Отчим умер в январе 1980 года. Третьего января.

Об этом мне сообщила по телефону дворничиха тётя Нюра. Её заботливость обо мне всякий раз искренне трогала меня, хотя и оплачивалась, нерегулярно, червонцем или пятёркой. Скорую, рассказала Нюра, вызвали рано утром, и я как-то не задумался о том, кто её вызвал. При нём всегда были какие-то бабы. Скорую вызвали утром, но уже было поздно. Сердце. Сердце, подумал я. Печень! С таким сердцем и печенью при бесконечном питье он продержался излишне долго. И я снова подумал, что всю свою жизнь про болезни он врал. Пустяковый удар по лбу, полученный много лет назад, он сумел обратить в инвалидность и с тех пор не работал, получая исправно пенсию. Инвалидностью там и не пахло, я это знал лучше всех. Всю свою жизнь он врал. Но на этот раз доигрался. Три дня новогодней попойки свели его вон.

– Похороны сегодня, – сказала Нюра. – Холод! Вы пойдёте?

– Нет, – сказал я, – пусть он будет всегда для меня как живой.

– А на поминки пойдёте?

– Нет, – уже раздражаясь, сказал я, – я не пью с незнакомыми.

Я не видел его восемнадцать лет. Восемнадцать лет и пять месяцев, с сентября шестьдесят второго.

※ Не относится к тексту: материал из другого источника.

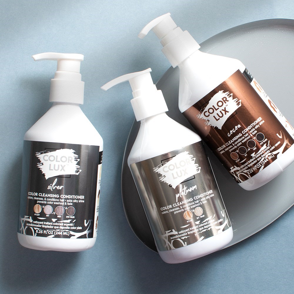 Deposit buildable colour with every wash. Color Lux Colour Cleansing Conditioner Platinum cleanses, conditions and colours - good things come in threes! Designed to gently cleanse and condition hair while depositing colour pigments, adding beautiful hues to hair. The more clients use, the more vibrant the colour. Intensifies and maintains existing hair colour between salon visits. Blended with coconut oil for alluring shine.
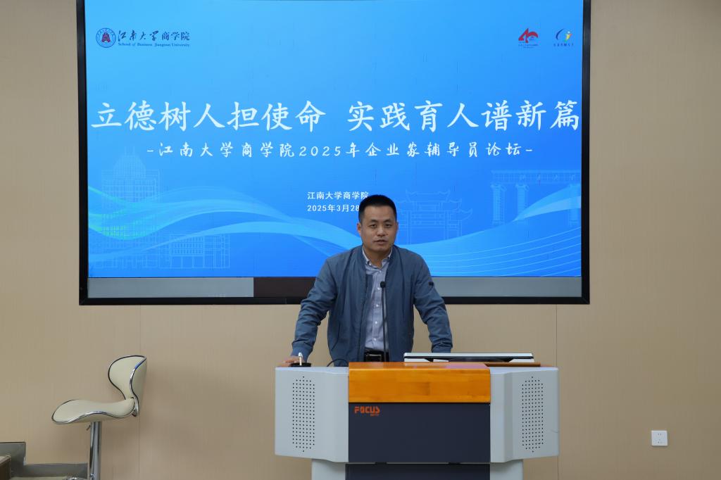 浦徐进以“打造数智时代高质量商学教育”为主题,介绍学院发展概况以及“企业家辅导员”项目建设详情。他强调,开创于2013年10月的“企业家辅导员”校企协同实践育人项目,12年来已累计聘任204位企业家辅导员、开展在校辅导活动760余次、提供就业实习岗位3000余个,惠及学生1万余人。未来,学院将以“企业家辅导员”项目入选2025年度教育部高校思想政治工作精品项目为契机,进一步拓展实践育人空间,推动项目向2.0版本迈进。

Мне рассказывали, что он подурнел, поседел до гнилой белизны, голубые глаза его выцвели и стали почти сумасшедшими, но держался он ещё более высокомерно и в ответ на слова, которые полагал вздором (а вздором он полагал почти всё, что ему говорили), саркастически хохотал. В кругу близких всегда, как я помнил, он любил глумиться над миром, мир был глупее его, и я мог представить, как ликовал, хохотал он, принося домой пенсию.

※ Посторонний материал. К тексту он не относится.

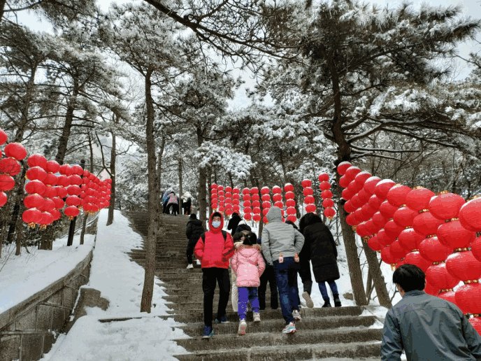 ? ? 辭舊迎新,正月初一,不少人選擇走出家門,去景區(qū)游玩行大運。天柱山景區(qū)為了給游客提供便利安全的服務,特地在除夕前加班加點清除路上積雪。天柱山上的大紅燈籠,為一年一度的新春佳節(jié),增添了濃郁的歡樂氣氛。截止下午四時,天柱山游客量1.08萬人次。
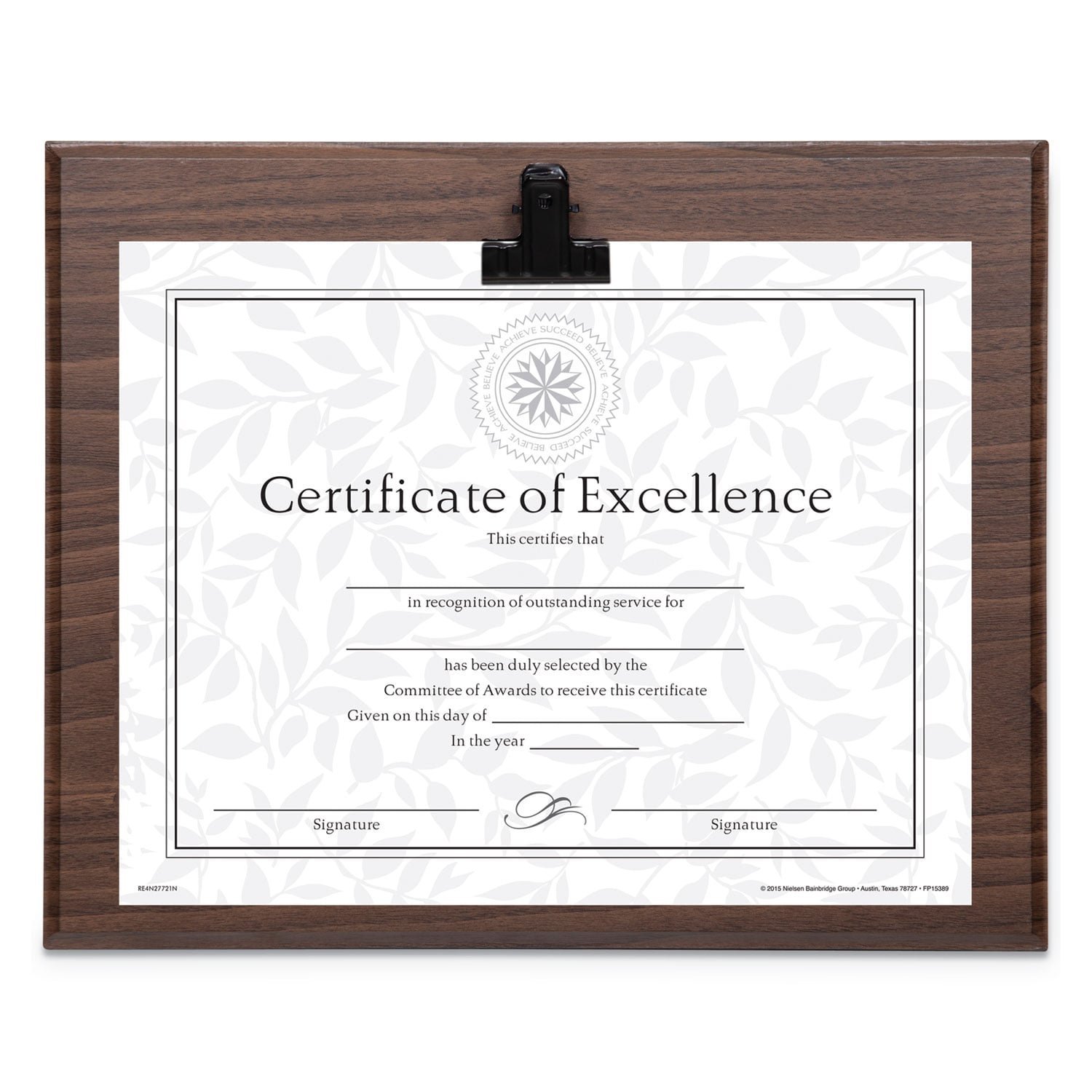 This document plaque includes a decorative clip on the front to display your achievements, awards or photos. Hang it on the wall or display on desktop for a modern style and personalized look. For wall or desktop display. Usable certificate included. Frame Type: Certificate/Document; Frame Material: Wood; Frame Color: Walnut; Color Family: Walnut.

– Не пойдёте… – жалостливо сказала Нюра. – А меня пригласили. Я им так помогала, так помогала!.. Вы вселяться-то будете?

– Нет. Квартиру я буду менять.

– Беды!.. – вздохнула Нюра. Нюра была удивительный человек. Беззастенчивая и настырная, она всюду, за что ни бралась, соблюдала свой интерес. Если она помогала на похоронах, сомневаться не приходилось, что денег она выцыганила немало, и всё это дивным образом сочеталось в ней с жалостливостью. Я подозревал, что жалостливость употребляется ею неосознанно, чтобы выиграть время на соображение. – Беды! – вздохнула Нюра. – Така канитель.

– Канители не будет, – сказал я. – Ремонт надо сделать.

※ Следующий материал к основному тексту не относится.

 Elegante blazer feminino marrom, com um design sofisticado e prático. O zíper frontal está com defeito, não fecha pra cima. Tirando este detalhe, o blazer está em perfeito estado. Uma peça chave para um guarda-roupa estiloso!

– Кто ж сделает? – жалостливо сказала Нюра. – Надо ли?

– Надо, – сказал я.

– Разве сестра моя, Шура… на стройке работает.

– Пусть будет Шура.

С сестрой Шурой, подумал я, дело иметь спокойней, чем с неведомыми мужиками. Сестра Шура не будет каждое утро канючить на опохмелку, убеждая, что, дескать, без этого работа будет не та.

– Только она далеко сейчас, в Юго-Западе… знаете, где это строют, за Автовом?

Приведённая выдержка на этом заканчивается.